# Work task
Could you find every line in the entries below that holds the word "with" and copy it?

# Records for the exercise
•••••

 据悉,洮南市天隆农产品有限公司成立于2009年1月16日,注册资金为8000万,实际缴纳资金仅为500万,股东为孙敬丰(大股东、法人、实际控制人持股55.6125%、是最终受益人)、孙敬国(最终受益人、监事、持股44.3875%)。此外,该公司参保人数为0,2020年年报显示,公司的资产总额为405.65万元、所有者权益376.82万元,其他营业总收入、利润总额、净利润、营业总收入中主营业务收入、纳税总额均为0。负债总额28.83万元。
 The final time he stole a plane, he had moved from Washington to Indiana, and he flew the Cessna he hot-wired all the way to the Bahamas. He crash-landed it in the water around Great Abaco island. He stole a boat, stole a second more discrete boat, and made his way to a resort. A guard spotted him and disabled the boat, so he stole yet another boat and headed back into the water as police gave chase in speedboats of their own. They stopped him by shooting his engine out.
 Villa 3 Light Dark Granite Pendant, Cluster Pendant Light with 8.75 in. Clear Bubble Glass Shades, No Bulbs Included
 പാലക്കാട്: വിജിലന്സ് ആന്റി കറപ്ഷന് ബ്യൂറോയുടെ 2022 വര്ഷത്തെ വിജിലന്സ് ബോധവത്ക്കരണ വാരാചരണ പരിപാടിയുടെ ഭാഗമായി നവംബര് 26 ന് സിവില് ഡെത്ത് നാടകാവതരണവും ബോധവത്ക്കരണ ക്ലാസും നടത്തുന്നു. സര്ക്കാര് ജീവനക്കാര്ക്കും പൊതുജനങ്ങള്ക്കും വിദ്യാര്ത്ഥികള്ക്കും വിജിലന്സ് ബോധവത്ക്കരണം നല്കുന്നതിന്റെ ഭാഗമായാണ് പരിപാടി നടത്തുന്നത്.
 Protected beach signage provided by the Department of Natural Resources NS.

•••••

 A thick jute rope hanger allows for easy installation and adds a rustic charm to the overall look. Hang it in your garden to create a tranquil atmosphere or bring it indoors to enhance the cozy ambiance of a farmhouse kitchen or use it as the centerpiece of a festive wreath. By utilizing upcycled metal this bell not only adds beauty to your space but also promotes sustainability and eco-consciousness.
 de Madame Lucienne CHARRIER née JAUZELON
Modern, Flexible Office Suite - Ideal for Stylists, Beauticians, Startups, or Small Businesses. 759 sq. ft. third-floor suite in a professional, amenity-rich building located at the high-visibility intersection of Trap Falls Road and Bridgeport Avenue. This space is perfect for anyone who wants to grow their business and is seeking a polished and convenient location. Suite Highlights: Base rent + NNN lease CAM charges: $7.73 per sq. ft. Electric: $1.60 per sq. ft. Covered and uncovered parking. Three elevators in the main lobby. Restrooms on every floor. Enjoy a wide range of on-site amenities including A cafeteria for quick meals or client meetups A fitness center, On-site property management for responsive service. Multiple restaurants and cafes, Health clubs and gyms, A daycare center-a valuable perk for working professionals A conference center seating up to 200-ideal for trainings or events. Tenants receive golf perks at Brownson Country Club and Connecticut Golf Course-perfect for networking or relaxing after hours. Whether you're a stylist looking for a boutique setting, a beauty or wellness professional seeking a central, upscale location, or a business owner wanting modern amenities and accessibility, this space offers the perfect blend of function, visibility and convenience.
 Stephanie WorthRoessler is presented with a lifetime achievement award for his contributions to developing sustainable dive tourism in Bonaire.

•••••

# Solution
 Villa 3 Light Dark Granite Pendant, Cluster Pendant Light with 8.75 in. Clear Bubble Glass Shades, No Bulbs Included
 Stephanie WorthRoessler is presented with a lifetime achievement award for his contributions to developing sustainable dive tourism in Bonaire.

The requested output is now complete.